►

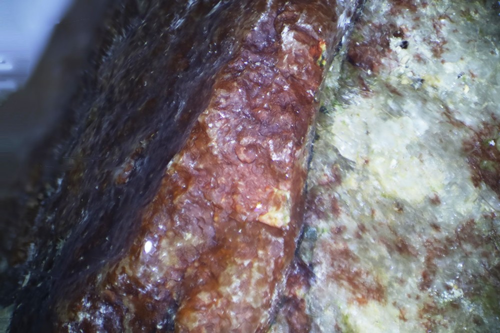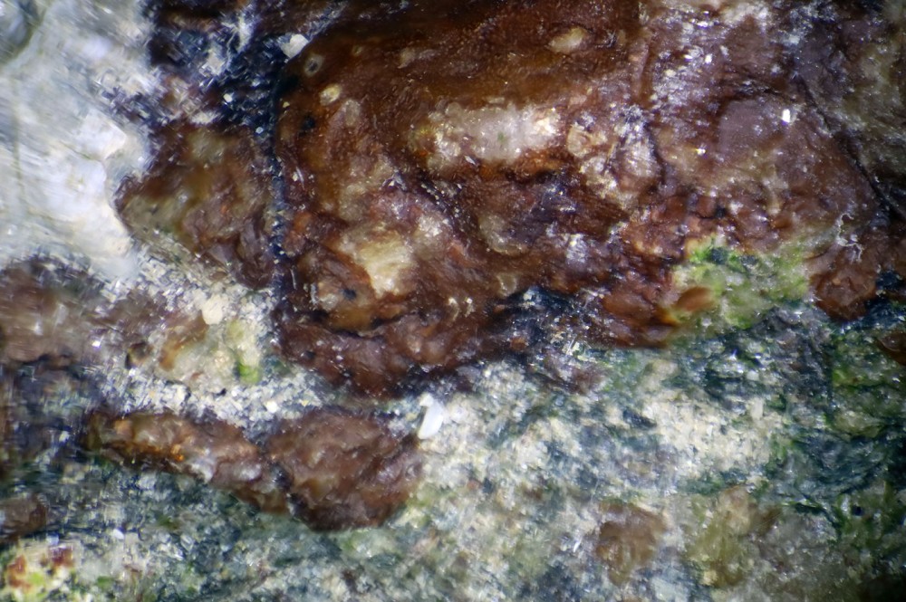 Bonsoir, Bon j'ai pris le temps de passer sous bino cette sidérante sidérite et en voici quelques clichés ... La qualité est moins bonne qu'avec le laowa 2.5-5x mais ça grossit plus ... Sur la 3ème et 6 ème image peut-être ce qui brille "d'or" serait de la pyrite ? Encore merci à vous ! -
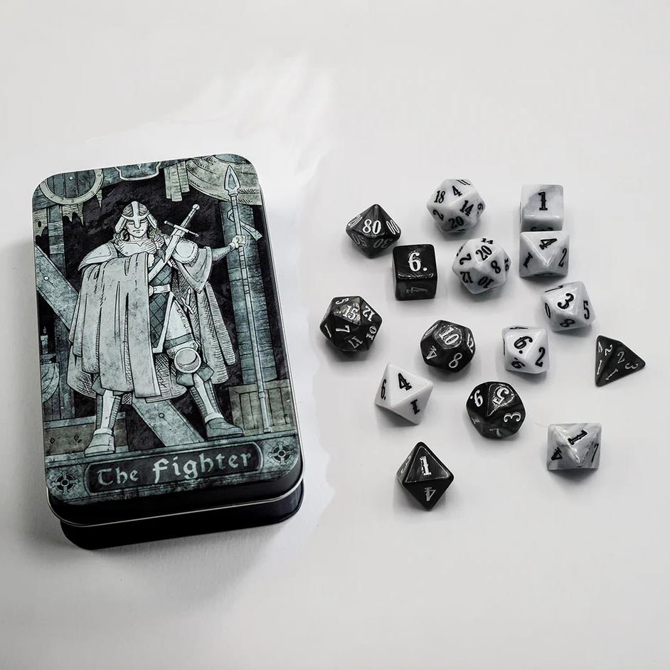 You are the fighter. These are your dice. You bring the pain. You're loud and hard to kill and never run from a foe unless everyone else runs first. You are the pointy end of the sword and have the beautiful scars to show for it. Open this tin and unleash 15 dice in two color designs, including extra d8s and d10s for battle superiority. Not to mention the two extra d20s to attack at advantage and VANQUISH YOUR FOES WITH VIGOR! Set includes: Silver: D4, D6, D8, D10, D100, D12, D20 White: D6, 3D8, 2D10, 2D20
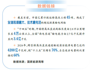 ——2024年,跨區特高壓直流通道輸送清潔能源電量占總送出電量的比重接近60%
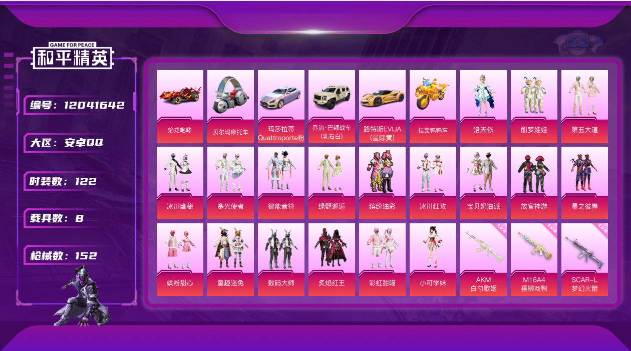 - PX_2079624- 苹果手Q-2王牌印记-7粉装-4特效枪-0载具-33577热力值-78套装-108枪皮-1卓越印记-0传奇印记 【7粉装】,宝贝奶油派,新星烈龙,幻彩电音,俏皮狐尾,冰川幽秘,彩装战姬,呆萌星弥 【4特效枪】AKM-绿萝繁花-5级 GROZA-焦糖拿铁-5级 Kar98K-巳巳如意-4级 PKM-天星战神-5级 【7稀有紫装】,Mark.06,8号机,暗影哥特,浪漫天命,
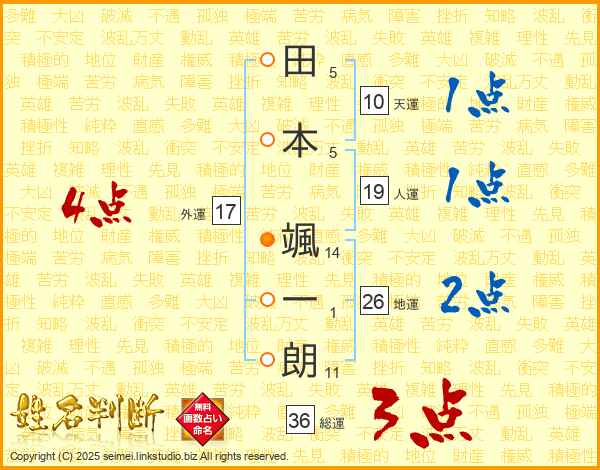 田本颯一朗さんの地運は26画の2点!
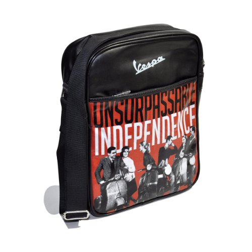 Vespa Kult-Retro VPSB77 - Borsa a tracolla in formato verticale, 33 cm, Nero/Rosso
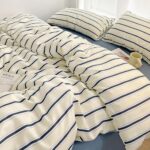 「§zz.luxi」布団カバーセット ダブル 4点セット。シンプルなストライプデザインで、洋式・和式兼用。肌に優しいピーチスキン加工の北欧風寝具。ネイビーパープル色でオールシーズン使用可能。
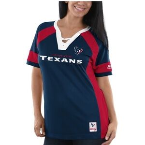 Women's Majestic Navy/Red Houston Texans Draft Me V-Neck T-Shirt Size Small
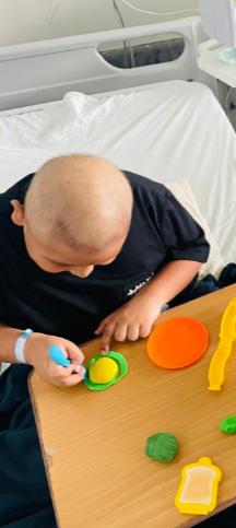 Every day he looks forward to the moment the playroom team arrives. That space brings back his smile, gives him strength, and reminds him that he’s still a child, even in the middle of illness.
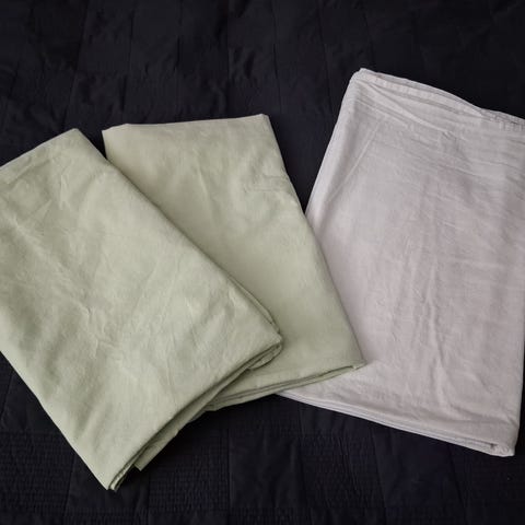 Kaksi sinistä aluslakanaa kooltaan n. 118cm x 175 cm. Kuva vääristää värin, oikeasti väri on sininen. Hyvä käytetty kunto.
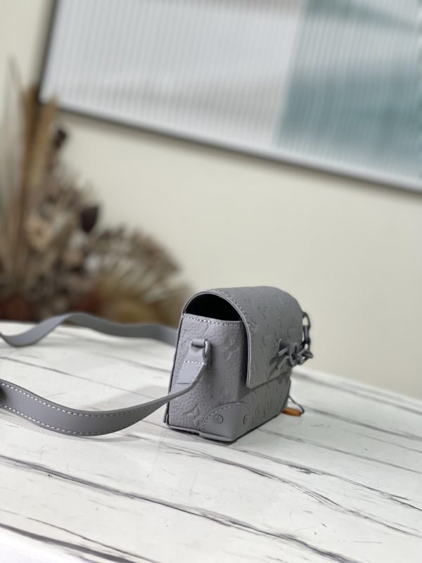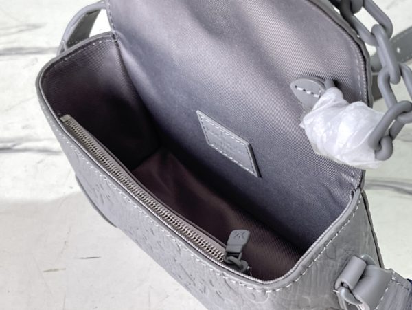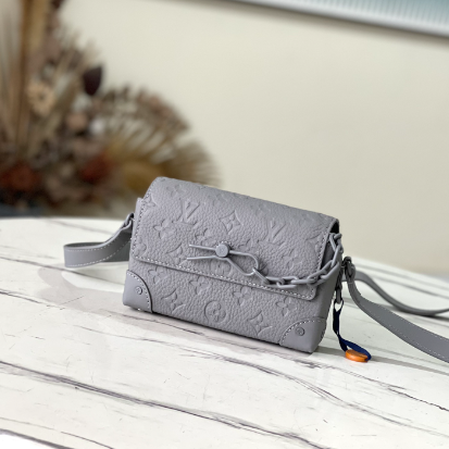 Gray embossed soft Monogram Taurillon leather complements classic elements like a Steamer style chain. Comes with an adjustable shoulder strap for easy carrying. The zippered compartment offers plenty of storage space, and the front pocket flap and magnetic closure keep your belongings secure.
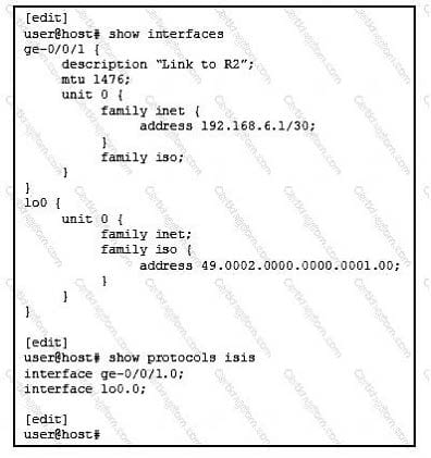 The IS-IS adjacency between routers R1 and R2 will not establish. Referring to exhibit, what is the problem?
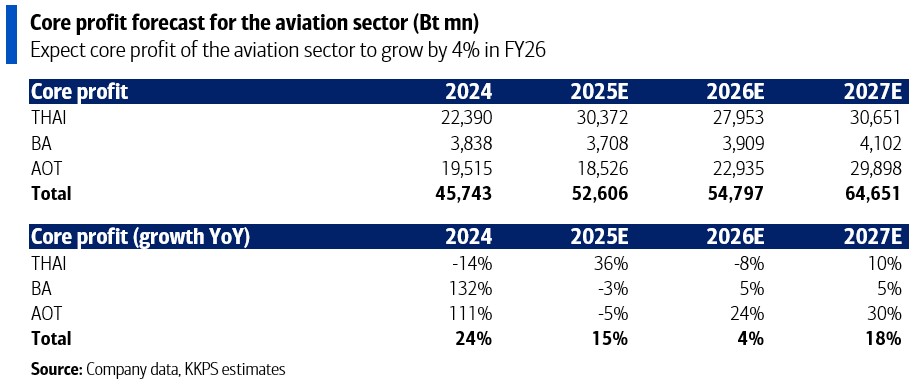 ภาคการบินของไทยควรได้รับประโยชน์จากจำนวนผู้โดยสารที่เพิ่มขึ้นราว 3-6% สำหรับ AOT บริษัทการบินไทย จำกัด (มหาชน) หรือ THAI และบริษัทการบินกรุงเทพ จำกัด (มหาชน) หรือ BA โดยกำไรของ AOT คาดว่าจะเพิ่มขึ้น 24% ในปีงบประมาณ 2026 หนุนโดยค่าบริการผู้โดยสารขาออกระหว่างประเทศ (PSC) ที่สูงขึ้น กำไรของ BA คาดว่าจะเติบโต 5% จากการโตอย่างต่อเนื่องของเส้นทางสมุย ในทางตรงกันข้าม กำไรของ THAI คาดว่าจะลดลง 8% จากต้นทุนที่สูงขึ้นและการแข่งขันที่รุนแรงขึ้น
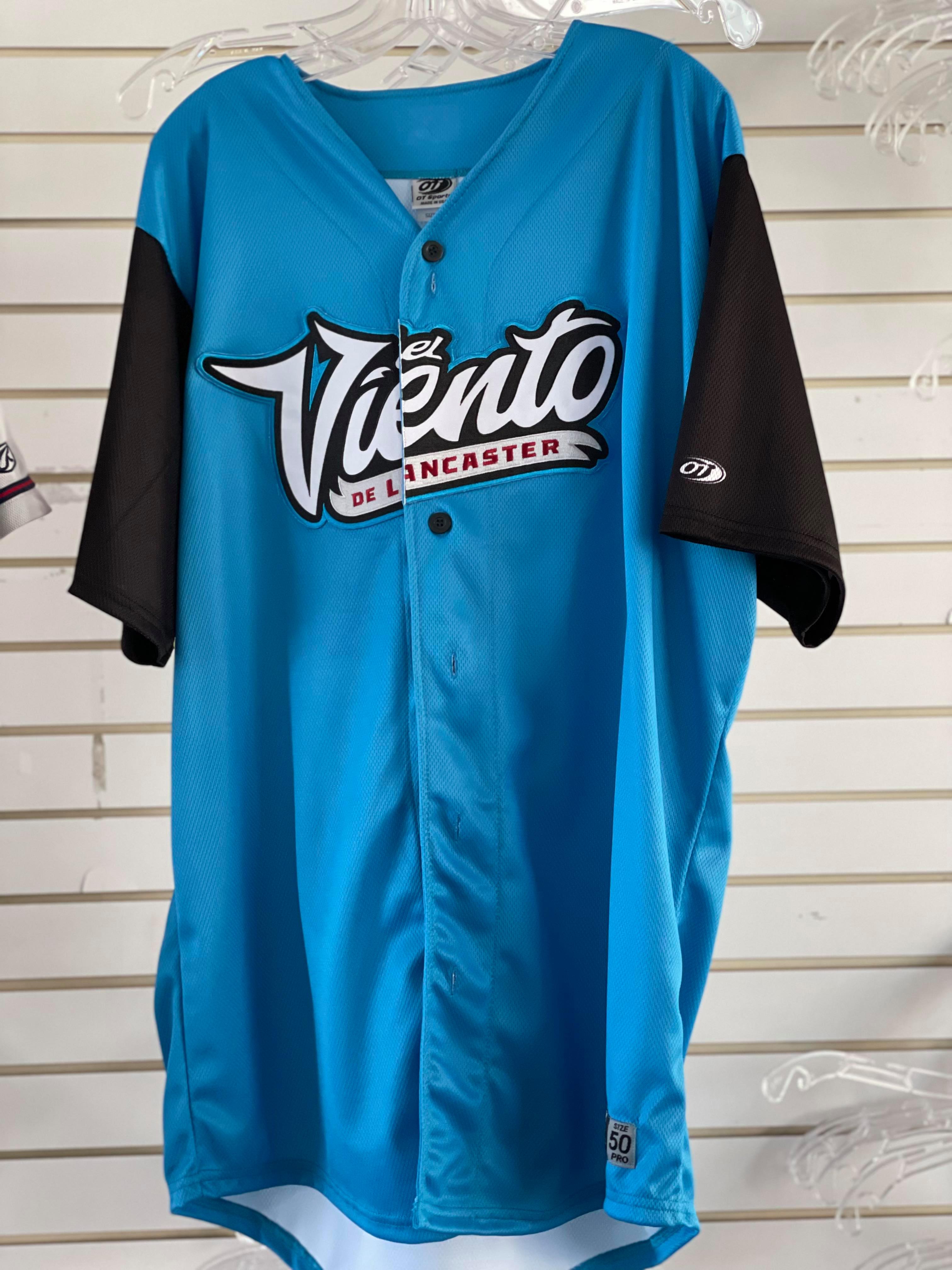 The JetHawks' "El Viento" jersey. For 10 games the JetHawks became "El Viento de Lancaster" on Friday Nights, as they participated in MiLB's Copa de la Diversión Initiative. Photo by Tony Quach.

◄

# What to work on
Give back an exact repeat of the lines from the top of the data through the line that holds "Every day he", both included, and omit pictures.

# Result of the exercise
 Bonsoir, Bon j'ai pris le temps de passer sous bino cette sidérante sidérite et en voici quelques clichés ... La qualité est moins bonne qu'avec le laowa 2.5-5x mais ça grossit plus ... Sur la 3ème et 6 ème image peut-être ce qui brille "d'or" serait de la pyrite ? Encore merci à vous ! -
 You are the fighter. These are your dice. You bring the pain. You're loud and hard to kill and never run from a foe unless everyone else runs first. You are the pointy end of the sword and have the beautiful scars to show for it. Open this tin and unleash 15 dice in two color designs, including extra d8s and d10s for battle superiority. Not to mention the two extra d20s to attack at advantage and VANQUISH YOUR FOES WITH VIGOR! Set includes: Silver: D4, D6, D8, D10, D100, D12, D20 White: D6, 3D8, 2D10, 2D20
 ——2024年,跨區特高壓直流通道輸送清潔能源電量占總送出電量的比重接近60%
 - PX_2079624- 苹果手Q-2王牌印记-7粉装-4特效枪-0载具-33577热力值-78套装-108枪皮-1卓越印记-0传奇印记 【7粉装】,宝贝奶油派,新星烈龙,幻彩电音,俏皮狐尾,冰川幽秘,彩装战姬,呆萌星弥 【4特效枪】AKM-绿萝繁花-5级 GROZA-焦糖拿铁-5级 Kar98K-巳巳如意-4级 PKM-天星战神-5级 【7稀有紫装】,Mark.06,8号机,暗影哥特,浪漫天命,
 田本颯一朗さんの地運は26画の2点!
 Vespa Kult-Retro VPSB77 - Borsa a tracolla in formato verticale, 33 cm, Nero/Rosso
 「§zz.luxi」布団カバーセット ダブル 4点セット。シンプルなストライプデザインで、洋式・和式兼用。肌に優しいピーチスキン加工の北欧風寝具。ネイビーパープル色でオールシーズン使用可能。
 Women's Majestic Navy/Red Houston Texans Draft Me V-Neck T-Shirt Size Small
 Every day he looks forward to the moment the playroom team arrives. That space brings back his smile, gives him strength, and reminds him that he’s still a child, even in the middle of illness.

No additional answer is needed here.